SWBAT decompose fractions into sums of fractions in more than one way.

Fractions can be broken into sums of fractions.

5 minutes

*Rationale for teaching with a task:*

*After I have worked directly with the students on a skill, I like to use a task. A task gives the students more practice on the skill while working in groups. Allowing the students to work in groups gives the students different perspectives from their classmates. Students can learn from each other. As the students work on a task, I am the facilitator, walking around monitoring and questioning the students to lead them to the solution.*

I let the students know that today we will do a task. I remind the students of the structure and routine of a task. First, the students will have private work time to think about and plan how to solve the task. Next, the students will work in groups to explore the concept of the lesson. Finally, the students will share/analyze/and discuss the task as a whole class. Each student should have a copy of the task at their desk, as well as a tool kit that contains fraction strips.

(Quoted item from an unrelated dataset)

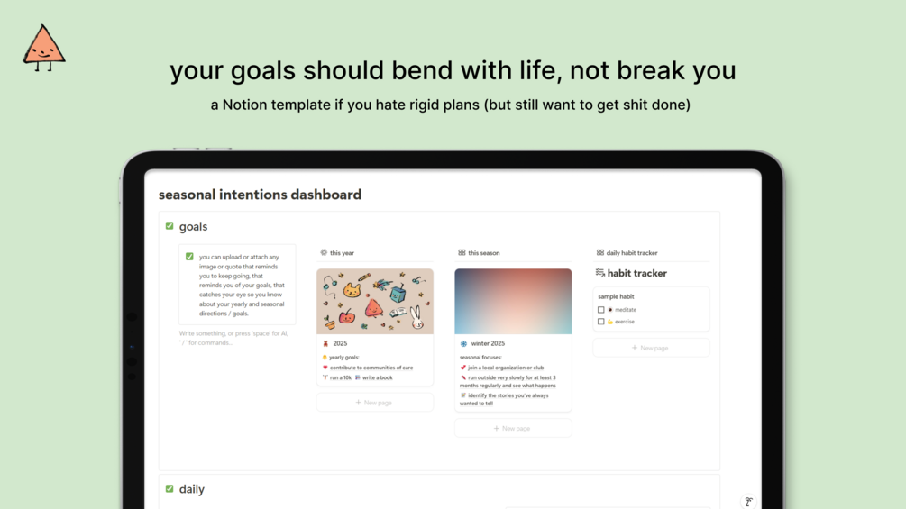 - Habit tracker designed for consistency, not guilt (miss a day? The seasons forgive you).

I find that this type of lesson is crucial to the students becoming critical thinkers. When they have to discover things for themselves, then the concepts stay with the students.

5 minutes

Teresa's Pizza (Fractions).docx:

Teresa has 3/4 of a pizza. How can Teresa write 2 addition equations that show the amount of pizza that she will eat?

1. Write 2 addition equations using fourths that show the amount of pizza that Teresa will eat **(4.NF.B.3b)**.

2. Draw a model of each addition equation. **(MP4)**

3. Write to Explain: Use words and numbers to explain how you solved this problem.

Give the students about 5 minutes of independent time to read and plan to solve this task **(MP1)**. The students should have a tool kit with fraction strips at their desk. The students can use the fraction strips at this time to plan how to solve the task** (MP5)**. After the 5 minutes of independent planning, the lesson will go to the next phase of group exploration.

20 minutes

During the group exploration/discovery phase, the students will work in groups of 3. Each group will have a copy of the task. The students must work together to complete all requirements of the task. The students will have to reason abstractly and quantitatively by attending to the meaning of 3/4 **(MP2)**. During this phase, the students will not receive direct instruction. This is a discovery lesson. I find that students who discover concepts have a better conceptual understanding of the lesson. The students will be guided to the conceptual understanding through questioning by me and their classmates.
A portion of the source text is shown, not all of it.